Dziękuję bardzo za odpowiedzi, tak też właśnie mi się wydawało. Konia kupiłam w maju 2013 roku, przez pewien czas nie było problemów z ex właścicielką ale w tym roku jej odbiło jest bardzo nachalna chciała się wbijać na siłę żeby go zobaczyć bo go bardzo kocha, teraz wymyśliła ze koń jest za chudy i wygląda jak szkapa (a ona na koniach absolutnie się nie zna, mało tego większość jego problemów behawioralnych które ja naprawiłam, wynikało z jej postępowania, dotarło to do mnie i nie chcę by ona miała cokolwiek z tym koniem do czynienia). W każdym razie, nie zamierzam już z nią rozmawiać, pisać ani umawiać się. Jest to zbyt kłopotliwe i koń też się stresuje gdy ją widzi.
rybka   Różowe okulary..
06 grudnia 2015 11:24
Czy ktoś z Was może orientuje się  jak od strony prawnej wygląda przeniesienie formalne prowadzenia firmy np do Anglii lub innego kraju UE ?
Rudzik, ale przecież o tym pisałam. Że zapisy umowy nie mogą być Sprzeczne z zapisami KC. Ty wyskoczyłaś z semiimperatywnością.
Wg KC nie ma takiej opcji, żeby ograniczyć prawa własności w przypadku nabycia rzeczy (nie licząc ustanawiania zabezpieczeń itp).
Dlatego m.in. nie kupujemy np. Windows 8, tylko "licencję na użytkowanie".
Jak kupiłam coś, i zapłaciłam, to jest Moje. A jak jest Moje, to innym wara. I żadne "chyba, że strony ustalą inaczej" nie wchodzi w rachubę.
Inaczej, kupując np. smartfona, mogłabym się dowiedzieć, że mogę go nosić tylko w niebieskim futerale.
Rudzik   wolę brzydkiego konia, niż piękną sukienkę
07 grudnia 2015 07:30
Halo no to ok, jeśli ty ukończyłaś również fakultet z prawa, to ja już kończę tą dyskusję z Tobą.
Sprzeczny z KC nie może być żaden zapis umowy. Może być inny niż KC, ale tylko wtedy gdy KC na to pozwala. Doucz się, zanim zaczniesz doradzać w każdym wątku, albo może pozostań przy radach w tematach, na których się znasz. Koniec.
Rudzik, nie ukończyłam prawa, choć mam wielu prawników w rodzinie. Alem jak każdy dorosły, trochę żyjący na tym świecie człowiek. miałam do czynienia z system prawnym, a że ogólnie czytanie nie sprawia mi kłopotów, a treść kodeksów nie jest wiedzą tajemną, to coś tam wiem.
Na początku zaznaczyłam, że nie jestem prawnikiem,  z nadzieją, że prawnik poprawi moją wypowiedź.
W pierwszej chwili uwierzyłam, że ty jesteś prawnikiem, i właśnie poprawiłaś. A potem okazało się, że wprowadziłaś dezinformację.

Oto, co napisałam ja:
myślę, że powie ci to też prawnik. Umowa kupna jest podrzędna wobec wyższych aktów prawnych, kodeksu cywilnego.


Na co ty:
Halo nie do końca jest tak jak piszesz. Przepisy KC są semiimperatywne, tj obowiązują o ile umowa nie stanowi inaczej.

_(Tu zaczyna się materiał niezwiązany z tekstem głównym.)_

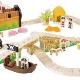 Uđite u svijet pirata i mašte. Šest pirata vlada vlastitom željezničkom prugom na otoku, gdje drvene tračnice vode preko mosta sa zvonom, a vlak prevozi top i škrinju punu zlata. Stanica s dizalicom i magnetskom kukom omogućuje lako ukrcavanje tereta – dovoljno je okrenuti mehanizam i spustiti magnet.
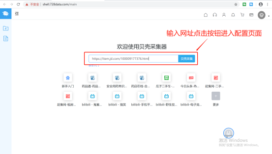 ②在采集平台输入网址,点击贝壳采集开始配置信息
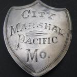 Pacific incorporated into St. Louis County in 1859. However, a larger portion of the city is located in Franklin County. They operate as a 4th class city and are located in the West County area and maintains their own police department. The City Marshals's badge pictured is currently the oldest in my collection. Badge was made by Haskell, approximately 1860 to 1880.
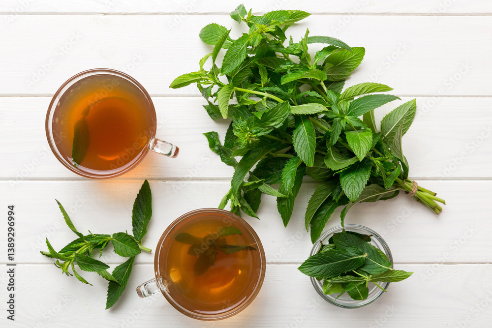 Cup of mint tea on table background. Green tea with fresh mint top view with copy space
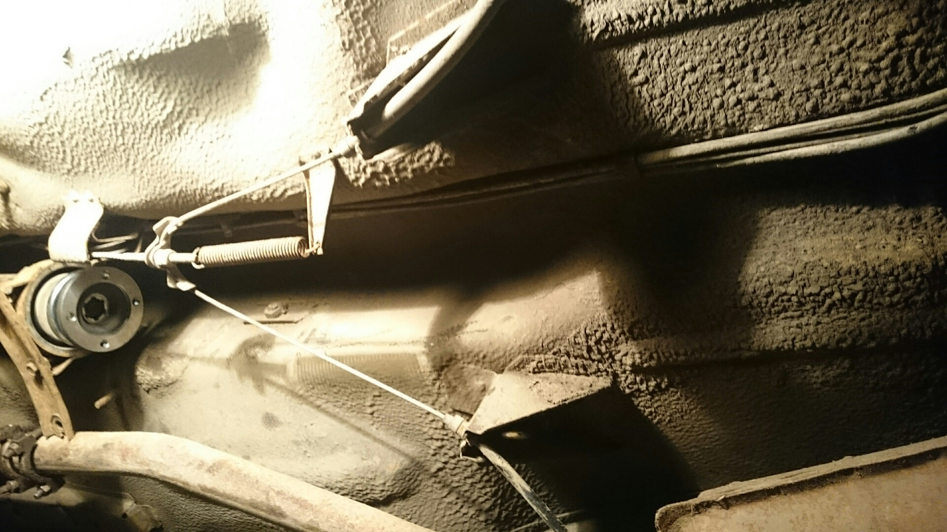 Подвесной подшипник откручен от кузова, у кардана довольно много пространства для маневрирования. А если отсоединить тросик ручника, то вообще всё прекрасно и быстро устанавливается. Но мне было лень это делать, ведь ручник хорошо отрегулирован. Вобщем пришлось понапрягаться. За одно ещё больше согрелся. Шрусокардан на своём месте.
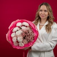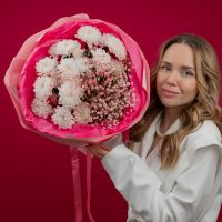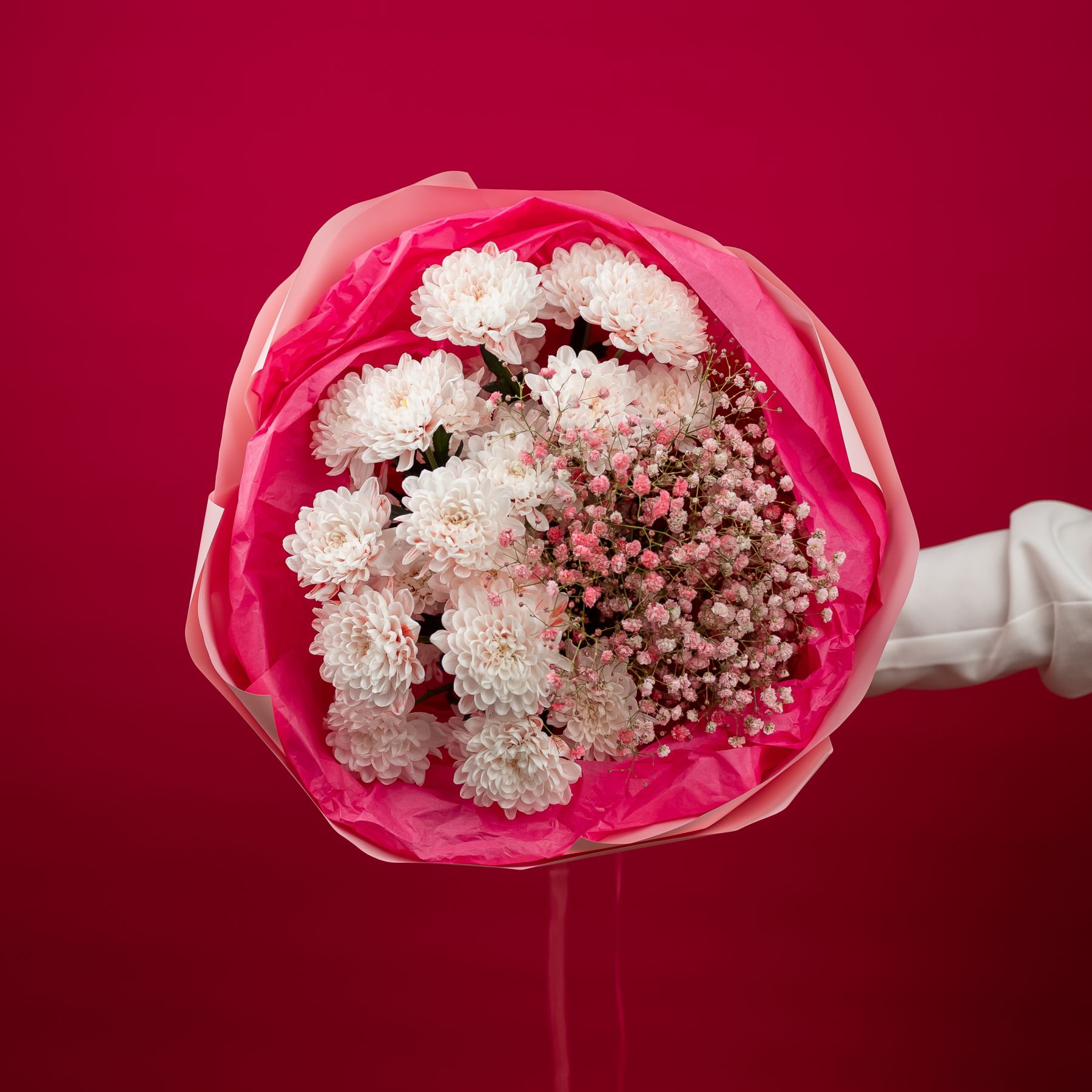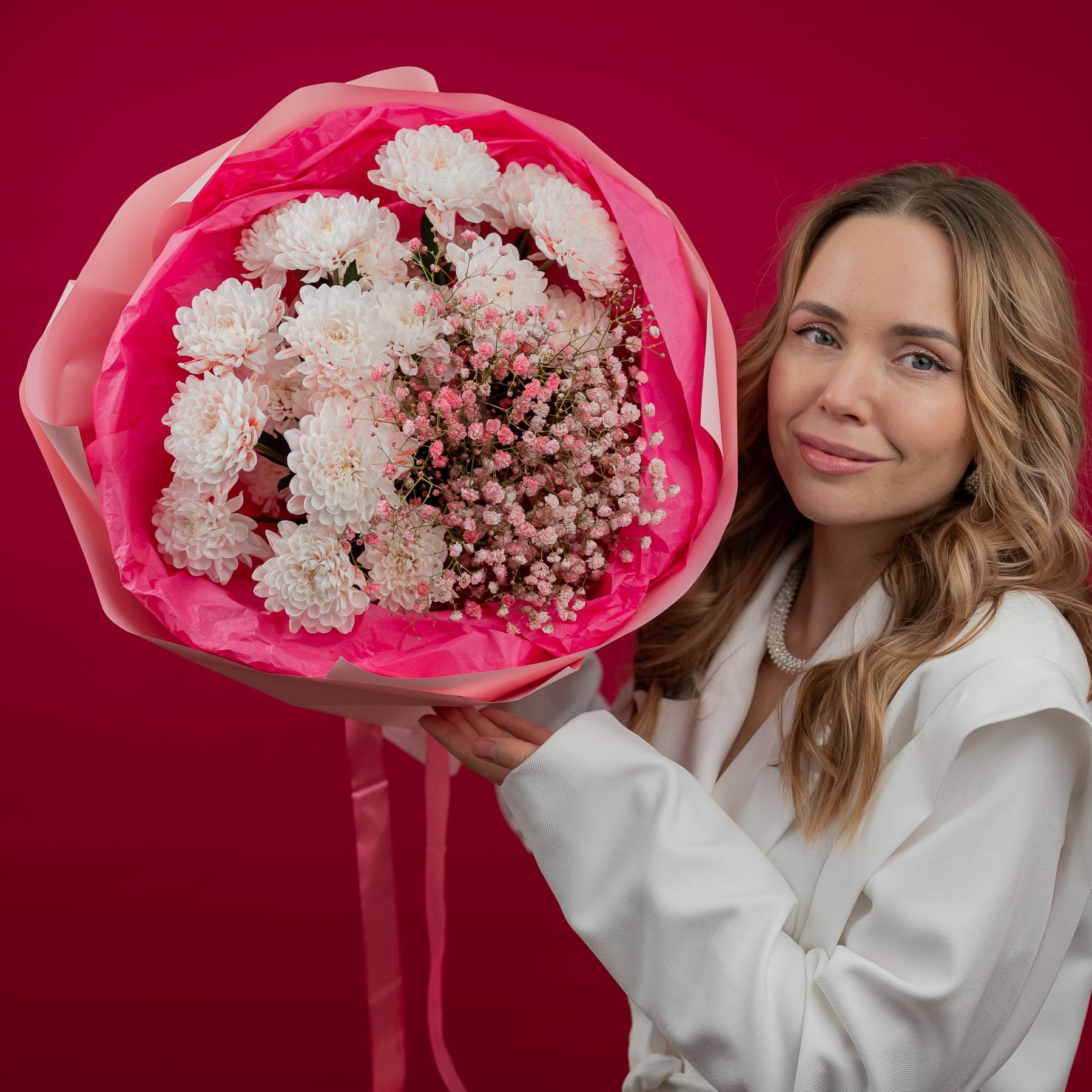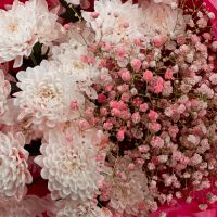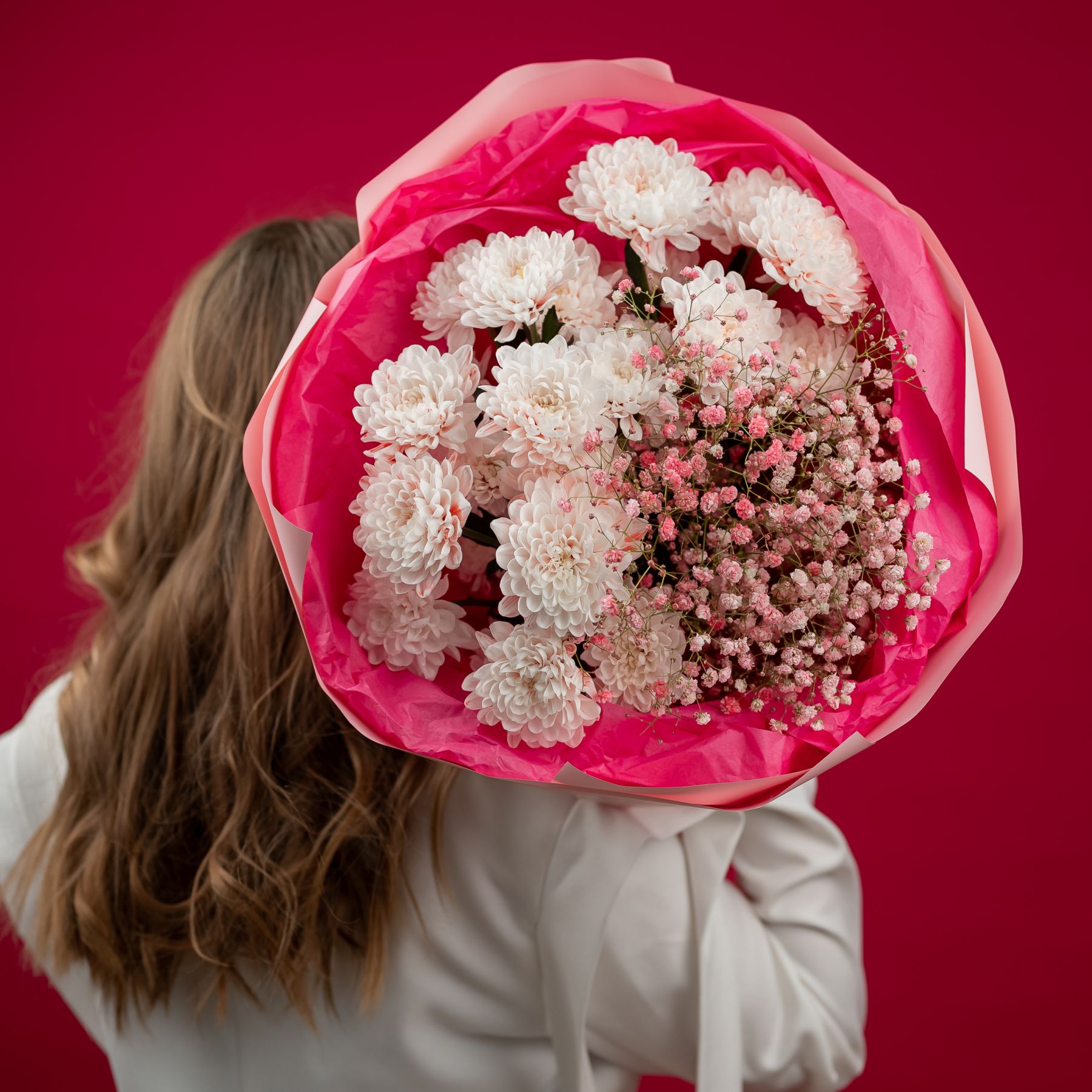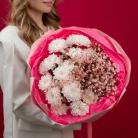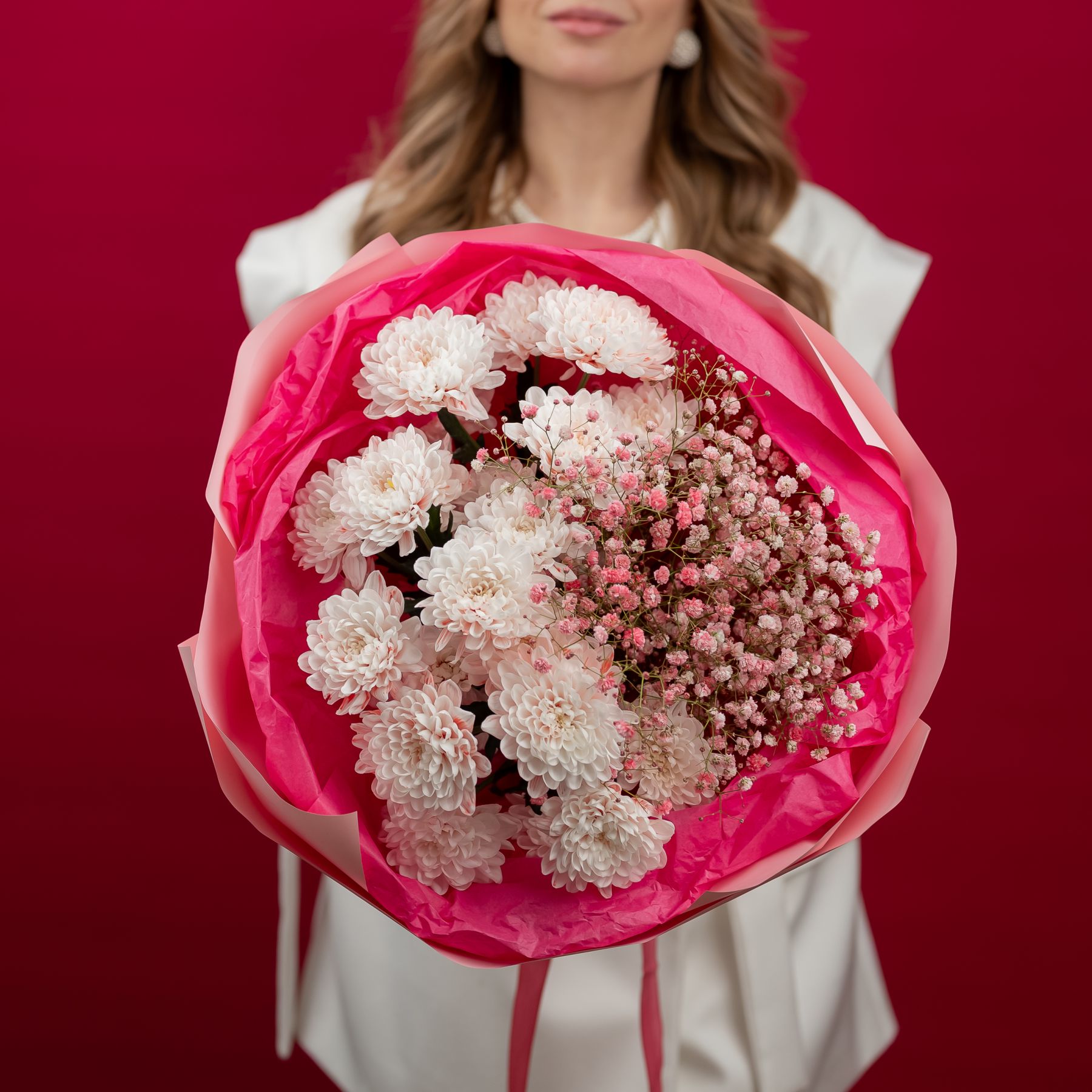 Букет с кустовыми хризантемами и гипсофилой купить с доставкой в Улан-Удэ за 3520 рублей | «Цветочный BAZAAR»

Po czym długo tłumaczysz, że jednak obowiązują, chyba, że jest zaznaczone inaczej, chyba, że jest dowolność.

To jak w końcu co do meritum? (bo chcę o meritum, bez wycieczek osobistych). Czy ktoś, kto zawarł ważną(!) umowę kupna, może swobodnie dysponować swoją własnością, nawet wbrew ograniczającym zapisom tej umowy, czy nie może?
I proszę, bez "to zależy". Sprawa czytelna. Umowa kupna Ważna, a w tej umowie zapis ograniczający prawo dysponowania przedmiotem sprzedaży w formie nakazowej.
Czyli sytuacja taka: Kupiłam psa z hodowli, a w umowie zapis, że będę go wystawiać na wystawach. Taki zapis mnie obowiązuje, czy nie? Jeśli tak/nie, to dlaczego?
To jak w końcu co do meritum? (bo chcę o meritum, bez wycieczek osobistych). Czy ktoś, kto zawarł ważną(!) umowę kupna, może swobodnie dysponować swoją własnością, nawet wbrew ograniczającym zapisom tej umowy, czy nie może?

To ja poprosze o szczegóły takiej umowy, bo
Art. 155. § 1. Umowa sprzedaży, zamiany, darowizny, przekazania nieruchomości lub inna umowa zobowiązująca do przeniesienia własności rzeczy co do tożsamości oznaczonej przenosi własność na nabywcę, chyba że przepis szczególny stanowi inaczej albo że strony inaczej postanowiły.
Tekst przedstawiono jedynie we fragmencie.